> What is being asked: Transcribe the entries below exactly, starting with the line that has "The Office of" and stopping after the line that has "或②当ECU被动唤醒且在Repeat Message State检测到主动请求,则当Repeat"; no pictures belong in the copy.
**** Data for review
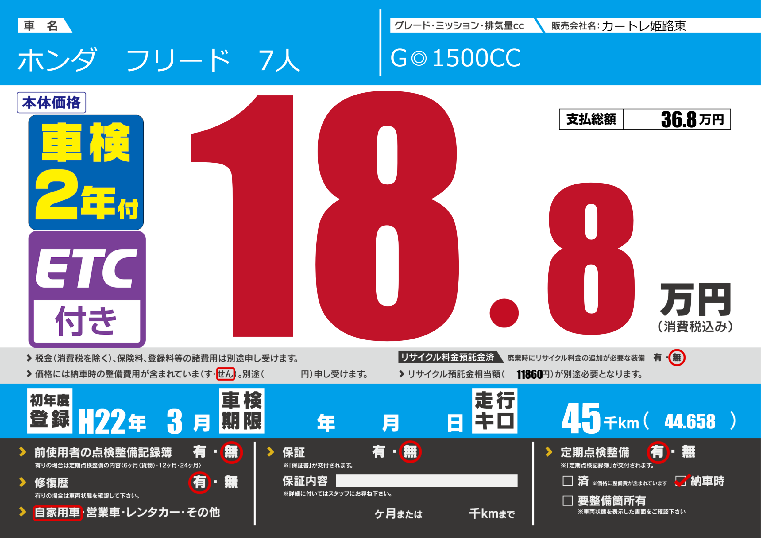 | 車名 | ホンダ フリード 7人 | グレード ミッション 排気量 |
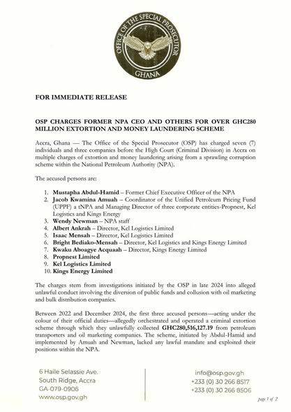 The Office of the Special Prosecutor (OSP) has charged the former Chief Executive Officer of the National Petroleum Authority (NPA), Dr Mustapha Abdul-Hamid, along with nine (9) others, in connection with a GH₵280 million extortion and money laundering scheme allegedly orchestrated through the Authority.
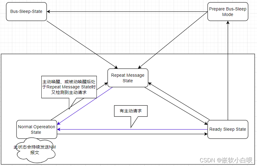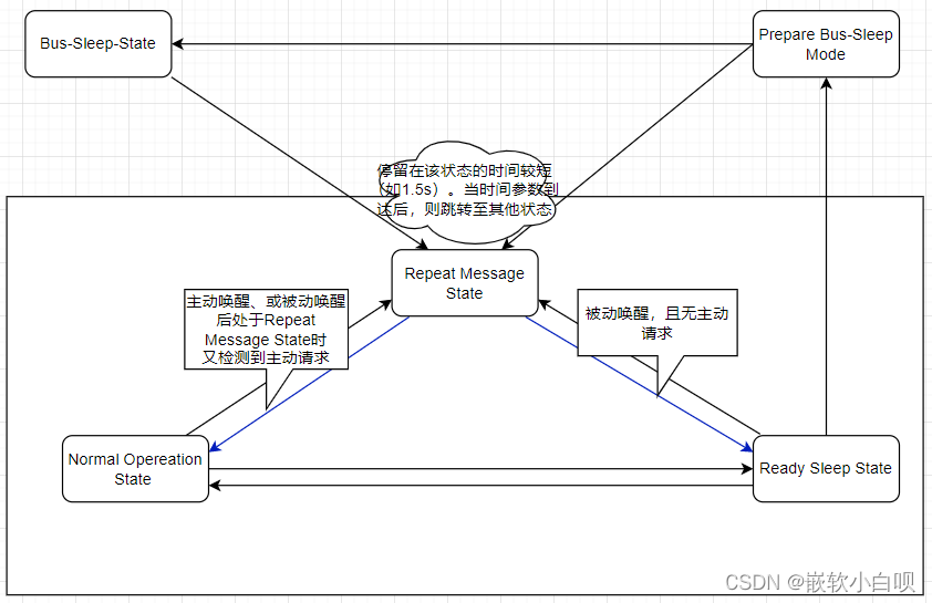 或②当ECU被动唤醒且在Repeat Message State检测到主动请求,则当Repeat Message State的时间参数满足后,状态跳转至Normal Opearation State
********
**** Data for review
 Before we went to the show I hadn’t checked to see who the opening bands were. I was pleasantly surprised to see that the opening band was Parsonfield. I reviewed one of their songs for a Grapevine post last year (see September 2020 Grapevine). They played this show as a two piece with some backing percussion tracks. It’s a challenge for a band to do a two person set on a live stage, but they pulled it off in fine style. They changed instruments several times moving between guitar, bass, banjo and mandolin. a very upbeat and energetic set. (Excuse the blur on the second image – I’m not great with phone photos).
********
**** Data for review
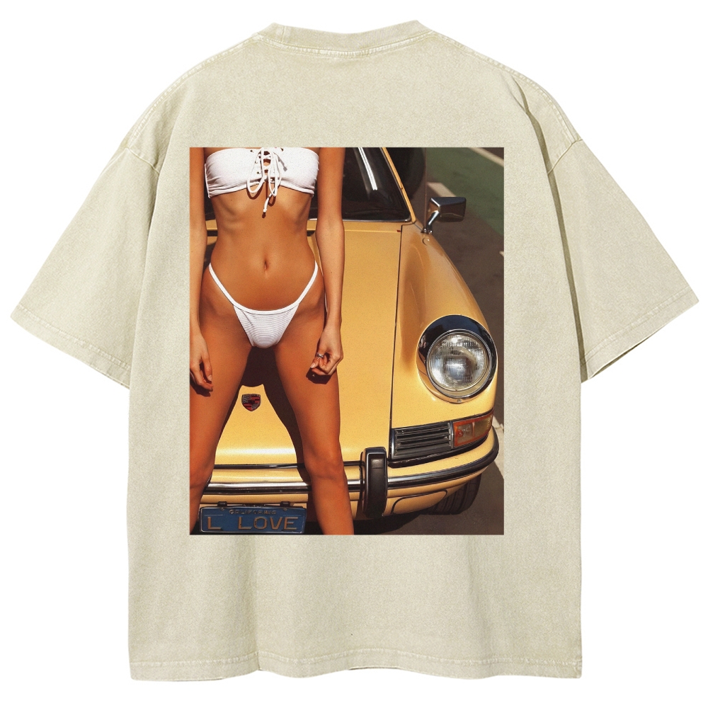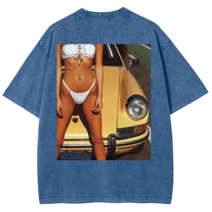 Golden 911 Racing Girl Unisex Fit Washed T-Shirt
********
> Result:
 The Office of the Special Prosecutor (OSP) has charged the former Chief Executive Officer of the National Petroleum Authority (NPA), Dr Mustapha Abdul-Hamid, along with nine (9) others, in connection with a GH₵280 million extortion and money laundering scheme allegedly orchestrated through the Authority.
 或②当ECU被动唤醒且在Repeat Message State检测到主动请求,则当Repeat Message State的时间参数满足后,状态跳转至Normal Opearation State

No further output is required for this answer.